🤖 AI Summary
This work addresses the limitations of conventional low-rank optimal transport methods, which rely on first-order gradient updates requiring careful hyperparameter tuning and neglect the intrinsic geometric structure of the underlying optimization problem, thereby compromising efficiency and stability. The authors propose the first unified Riemannian optimization framework that models both balanced and unbalanced low-rank couplings as smooth submanifolds within the positive orthant, equipped with a Fisher–Rao product metric. This formulation yields closed-form expressions for Riemannian projections, retractions, and Hessian-vector products, eliminating the need for inner iterative loops. The approach seamlessly accommodates linear optimal transport, Gromov–Wasserstein alignment, and their unbalanced variants, while providing a rank-sufficiency certificate for global optimality.
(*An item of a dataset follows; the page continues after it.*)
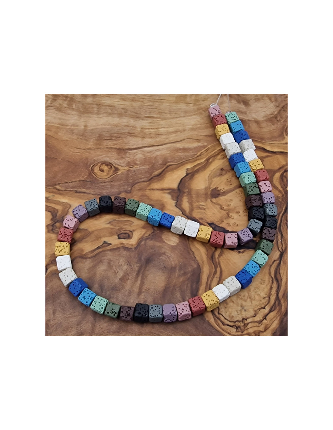 Bunter Lavastrang. Die würfeligen Perlen haben eine Seitenlänge von ca.6mm und sind einzeln am Strang aufgefädelt. Der Strang hat noch keinen Verschluss. Der Strang ist ca.38cm lang. (Durch die Musterfotos kann es zu leichten farblichen Abweichungen kommen. Einschlüsse im Stein sind ein Zeichen der Natur). VPE = 1 Strang

Experiments demonstrate that the proposed first- and second-order solvers consistently outperform existing methods across problems of varying scales, with per-iteration complexity scaling only linearly in the data size.
📝 Abstract
Low-rank optimal transport (OT) mitigates the quadratic scaling of classical solvers, yet existing approaches rely heavily on first-order mirror-descent updates that require careful hyperparameter tuning and ignore the optimization landscape's curvature. To address these limitations, we propose a unified Riemannian geometric framework for low-rank OT, modeling balanced and unbalanced rank-$r$ positive factored couplings as novel smooth embedded submanifolds of the positive orthant. By equipping these manifolds with the Fisher-Rao product metric, we derive tractable formulations for Riemannian projectors, retractions, and Hessian-vector products. Our cost-agnostic framework seamlessly extends to linear OT, Gromov-Wasserstein (GW), fused GW, and their unbalanced counterparts. For balanced OT, our geometric ingredients are computed via efficient conjugate-gradient and iterative Bregman updates. For the unbalanced OT, our operations elegantly reduce to closed-form scalings, completely eliminating inner iterative loops. In both regimes, per-iteration complexity scales linearly with dataset size, and we provide a rank-sufficiency certificate for global optimality verification. Extensive experiments across a range of problem sizes demonstrate that our regularization-free first- and second-order solvers achieve faster convergence and superior performance over existing state-of-the-art low-rank OT solvers.